Coming from the makers of Paxil, such complaints might sound like the pot calling the kettle black. But Jenner was right that Lilly had tried to sugarcoat grave concern among clinicians and researchers about Prozac’s discontinuation syndrome—concern that helped prompt the FDA to take action, but that has not gone away, because discontinuation syndrome afflicts all ages.

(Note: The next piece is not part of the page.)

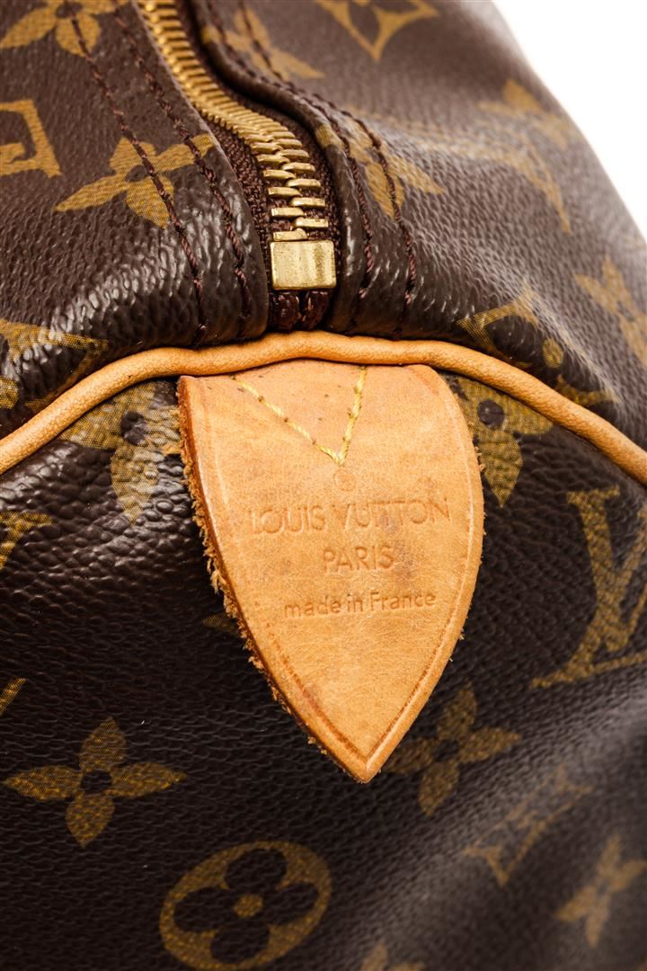 Louis Vuitton Brown Monogram Canvas Speedy 40 Satchel Bag. All available information is listed in the description and shown in the photos. Louis Vuitton Brown Monogram Canvas Speedy 40 Satchel Bag with brass hardware, leather trim, dual rolled leather top handles & dual shoulder straps, leather trim embellishment, canvas lining & single interior pocket, zip closure at top. Height: 14" Width: 15" Depth: 8", Handle Drop: 4" / 35.56 x 38.1 x 20.32 Cm

As there are still so many “unknown unknowns” about S.S.R.I. antidepressants, what is needed now is a frank, open dialogue about the evidence we do have, including the efficacy and erratic effects of these medications when combined with other drug treatments. Longer clinical trials representing the full spectrum of patient reaction over six months—rather than, as is common, two weeks—would give us a clearer picture of how the brain and central nervous system react when patients come off this class of medication. As the Tribune article and a litany of studies make disturbingly clear, the evidence is mounting that these psychotropics have far more worrisome, unpredictable effects than large numbers of prescribers and drug makers would have us believe.
Christopher Lane, Professor of English at Northwestern University, is the author most recently of “Shyness: How Normal Behavior Became a Sickness.”